Otuzuna varmamış bir genç kadındın o yaz. Benim için değişik, iş olmasına karşın oyuna benzeyen yenilikle dolu. Deniz sesini duyamayacağımız uzaklıkta. Yosun kokusu ise yaygın ve yakınımızda. Akşam alacasında bu koku belirginleşiyor. Çıplak bacaklarımızı kazlar gagalıyor. Göletlerin çevresi dikene benzer sazlar, sık ve ince kamışlarla çevrili. Onlardan kurtulmak kolay, kazlardan kaçmak ise zor. Sakınıyor, hopluyoruz ikide bir. Onları boyları fidan boyuna varmış otların arasından çıkarmak için eline uzun bir sopa alıyor, çırpınıyorsun. Çok akıllı buluyorum seni. O kadar çok kazın içinde kendininkileri tanıyabiliyorsun diye. Biri kızıyor, hışımla saldırıyor, hoplaya hoplaya kaçıyorum, nereye kaçacağımı bilmeden. Gülüyorsun. Ne çok gülüyorsun o günlerde. Seni gagaladıkları zaman, daha önce hiç duymadığım küfürler yağıyor sessiz alacakaranlığa.
Yaz boyunca her gün senin oğlun ve kızından görüp onlarla birlikte denize attım kendimi. Tek gözlü evinizde ayağımızda bir don kalasıya soyunurduk. Annemle sen ağız ağza verir, kim bilir nelerden konuşurdunuz. O günlerde, bitmek bilmez söyleşilerinizi merak bile etmezdim.
Evden fırlar, sazlı çimenli yerleri bir koşu geçer, tren yolunu parmak uçlarımıza, topuklarımıza basa hasa acıyla zıplayarak aşar, şoseye çıkardık. Uzaktan kara sakız gibi görünürdü yol. Üstündeki kurşunrengi kir örtüsünden yer yer taşar, kara ipek çilesi gibi parlak, köpüklenmişçesine kıvrım kıvrım birbiri üstüne yığılırdı zift. İlk adımda yapışırdık. Ne zordu o kaynar sakızdan kurtulmak. Deniz kıyısına varıp da ilk ıslak kuma ayak bastığımızda yüreklerimiz soğurdu. Bazı akşamlar sen yalnız gelirdin, eve dönmeyi akletmediğimiz için bağırırdın. Güneş batmak üzere olurdu. O saatte yüzün şeftalinin güneş görmüş yanı, çorapsız bacakların, o dolgun kolların ise gölgede kalmış öbür yarısının rengine bürünürdü. Sen kıyıda, bizler suyun içinde, güneşin, ilk batışın ardından çıkmasını, bu kez geç kalmış gibi telaşla yeniden denizin ardındaki yerine düşmesini beklerdik.
Artık eve gidebilirdik.
Koçan seni ne çok severdi Şadiye Hala.
Çok az erkek karısına o kadar uzun süreyle ve yitireceği korkusuyla bağlı kalmıştır. Sonraları sen çekilmez bir kadın olduğunda sevdasının hatırına, sesini hiçbir zaman yükseltmeksizin karşı çıktı, dayanısının sonuna gelmişti sanırım. Sen, susmak soluklanmak nedir bilmeksizin konuşurdun. Düşünmeyi unuttuğun belliydi. O uzun süre durur bekler, ya üç en çok beş sözcük eder sonra hüzünlü gözlerini yere indirirdi.

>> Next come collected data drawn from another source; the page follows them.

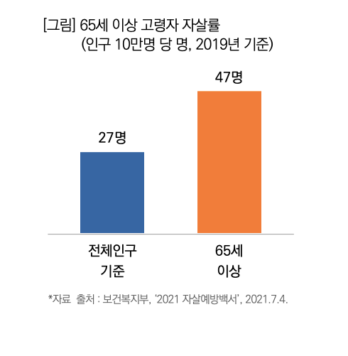 보건복지부의 '2019 자살예방백서‘에 따르면 우리나라 65세 이상 노인자살률(인구 10만명당)은 2015년 기준 58.6명으로 OECD 회원국 18.8명보다 훨씬 높고 2위 슬로베니아 38.7명과도 큰 격차를 이루고 있음
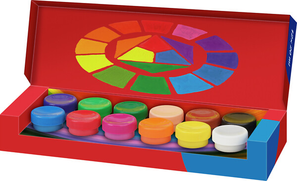 Värikylläiset tempera/guassivärit pienille taiteilijoille esimerkiksi päiväkoteihin tai kouluihin. Väreillä voi maalata lähes kaikille pinnoille ja pigmenttikylläiset värit eivät lohkea tai halkeile. Paketissa on kaksitoista väriä: violetti, vaaleanvihreä, vihreä, vaaleanpunainen, ruskea, musta, sininen, punainen, pinkki, oranssi, keltainen ja valkoinen. Maalipurkeissa on kierrekansi ja yhdessä purkissa on 20 ml väriä.
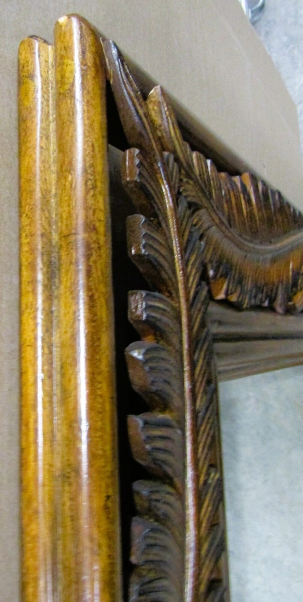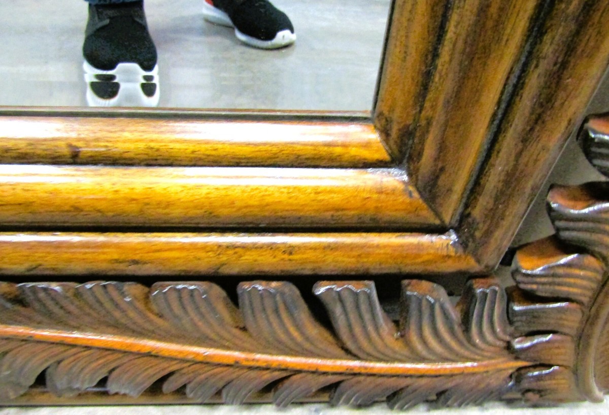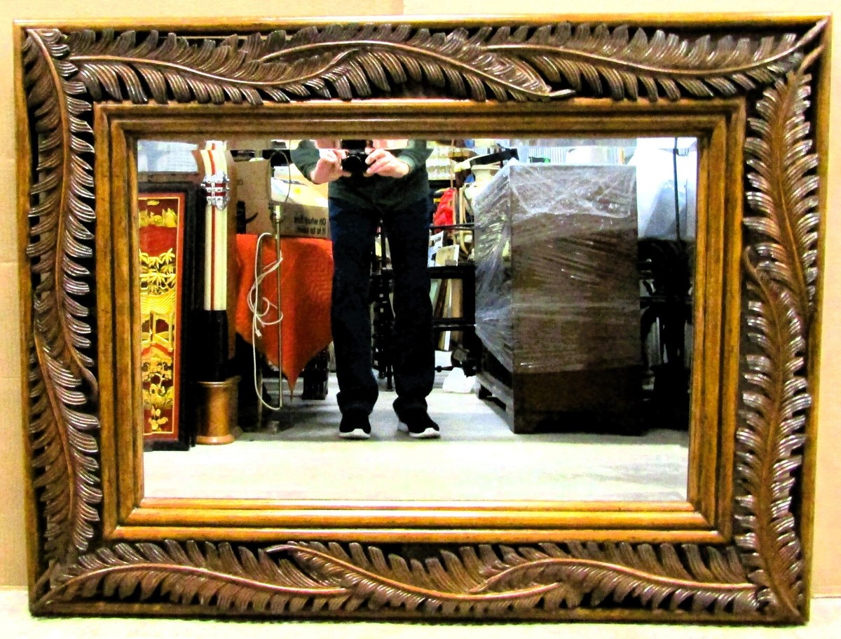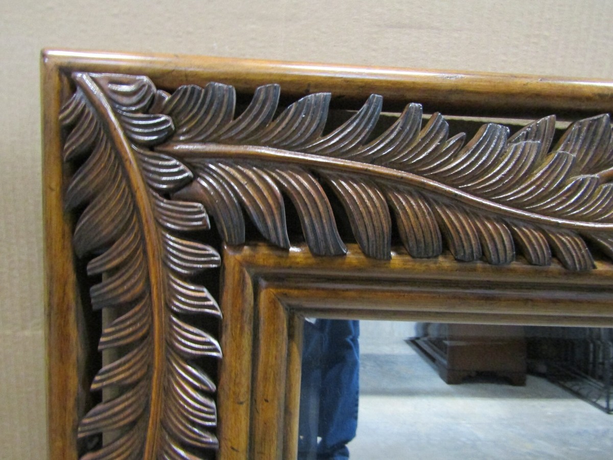 This landscape mirror features a wood framed palm frond motif. It can be used vertically or horizontally to create a unique look.
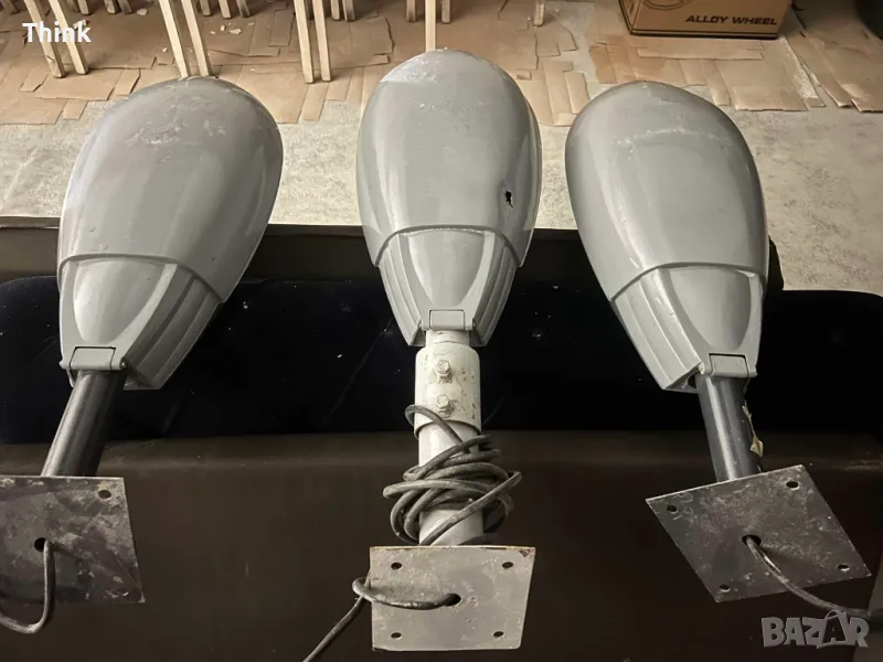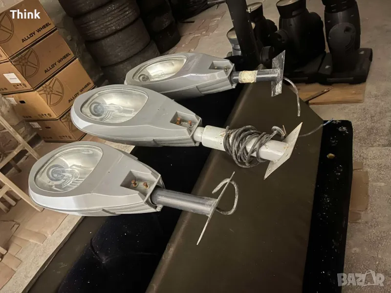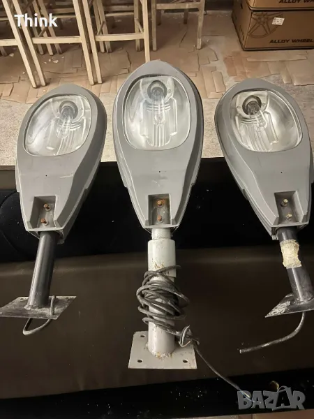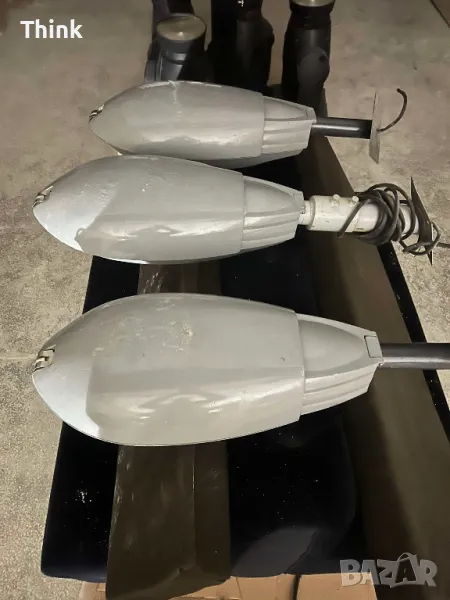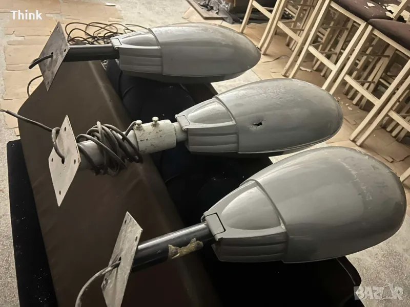 Външни улични лампи с крушки.Цената е за един брой,мощността е 250w.Ползвани са,но работят без проблем.Продават се с готови стойки за монтаж.
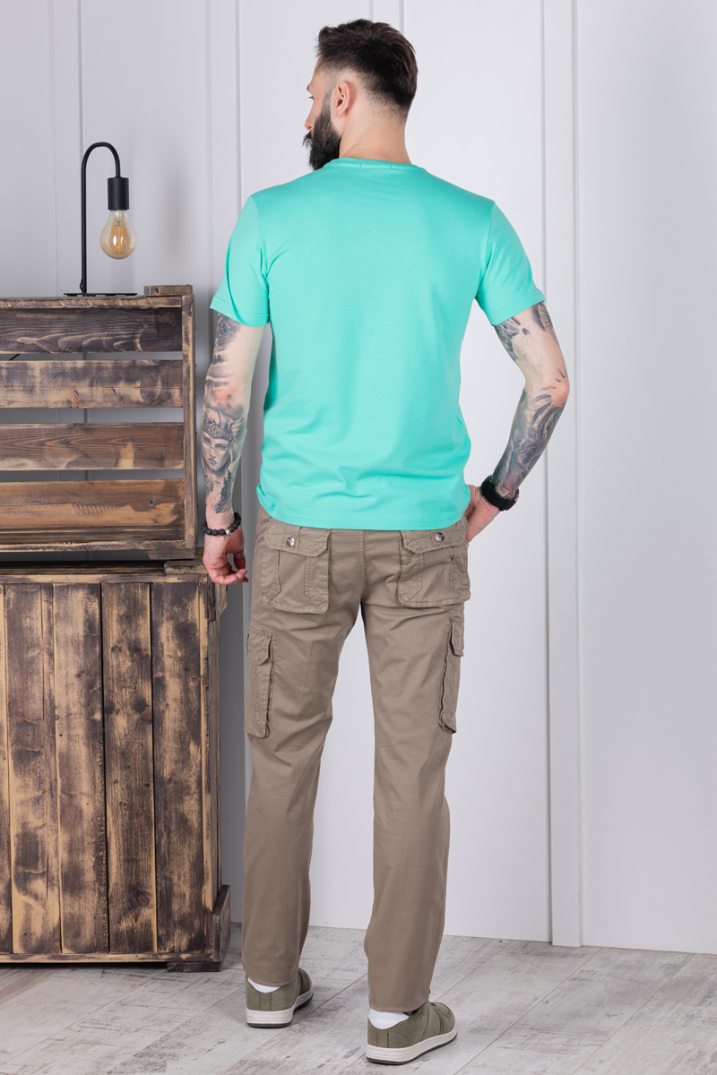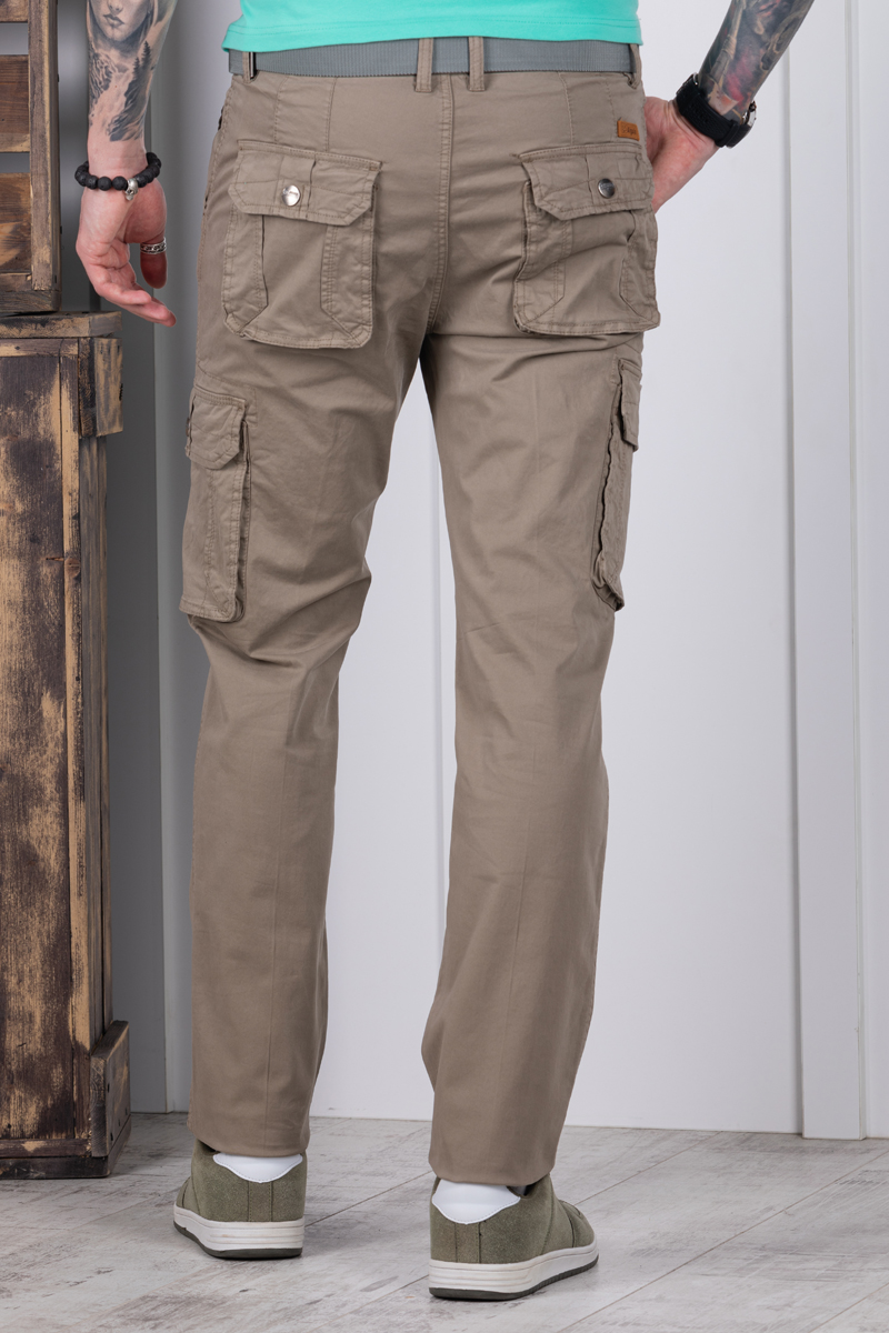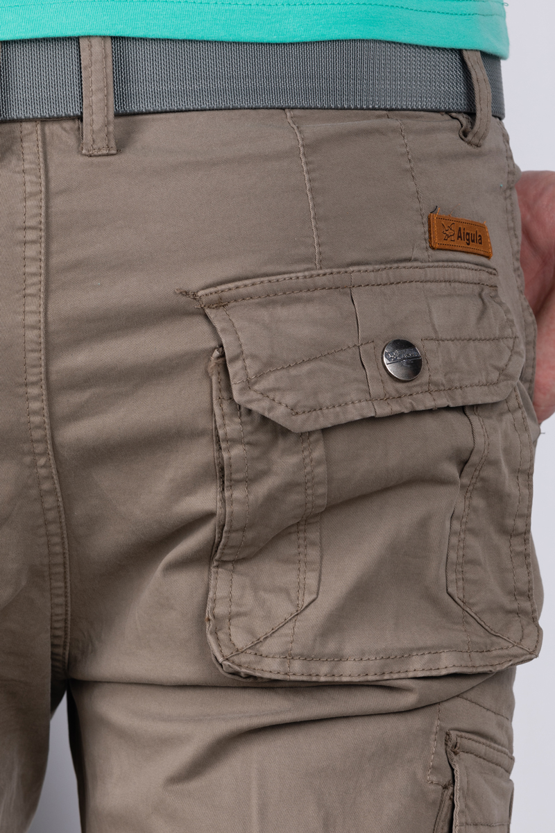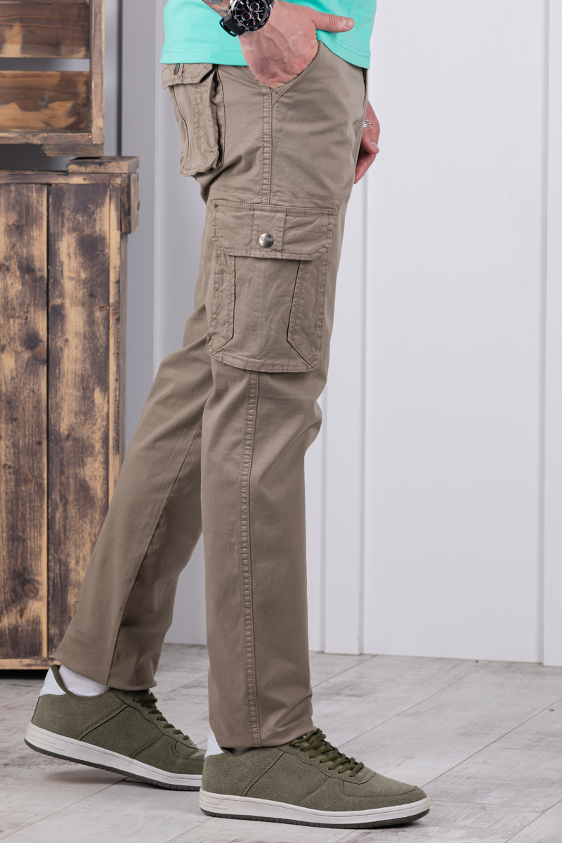 Джоггеры бренда AIGULA выполнены из натуральной хлопковой ткани с добавлением небольшого количества эластана. Силуэт брюк прямой. Джоггеры оснащены множеством карманов: два спереди для рук, два на внешней стороне бедра, два прорезных с клапаном сзади.
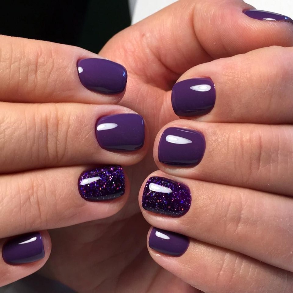 Маникюр с темно фиолетовым лаком
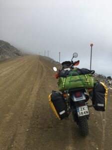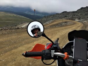 Tron (1666 m n.p.m.) zdaje się dość popularny wśród motocyklistów (znajduje się na trasie TET). Ciężko powiedzieć co spowodowało, że schowany za kurtyną z mgły pozostał pusty i samotny. Może poranne godziny, środek tygodnia, niepewna pogoda albo wspomniana mgła zniechęciła innych podróżnych?
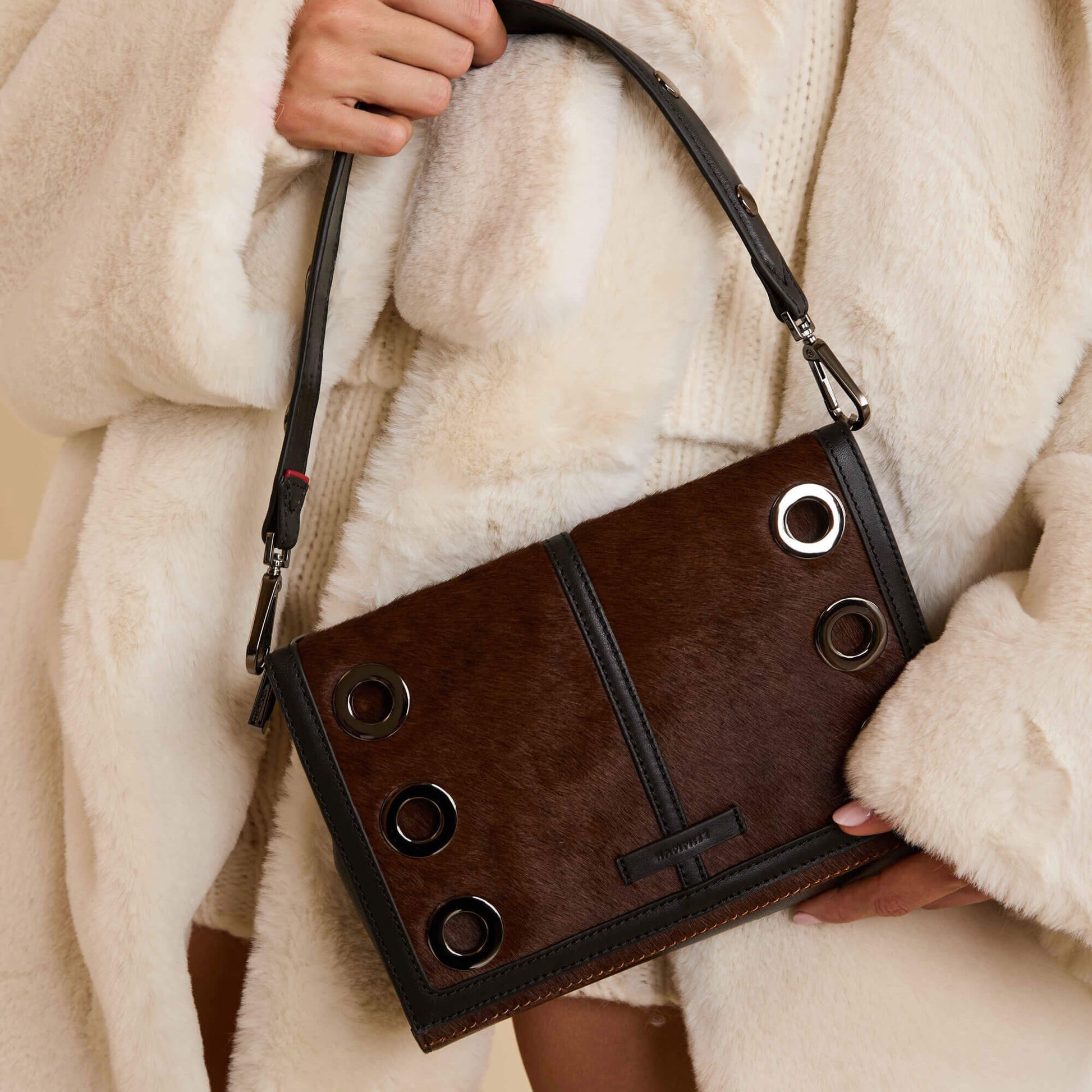 • Crafted with Italian hair on calf hair in deep, rich, chocolate with black smooth, semi-veg tanned and pebble leather accents

Bir kibrit kutusuydu eviniz. Büyük bir odaydı yapıldığında. “Bizim Lojman” diye övünüyordun başkalarına, ama onlar konuk gelirler diye de korkuyordun. O tek odayı yaşanır duruma getirmek içip kimseler sizin kadar uğraşmamıştır.
Otuzunu aştıktan sonra, “Siz bir de benim gençliğimi görmeliydiniz...” demeye başlamıştın. Bunu söyleyecek kadar yürekli olmak hakkındı, çünkü karşıda kim olsa güzelliğinin göz kamaştırdığını yadsıyamazdı. Bunu senden saklayan olabilir, ama o da içkiden kabullenirdi.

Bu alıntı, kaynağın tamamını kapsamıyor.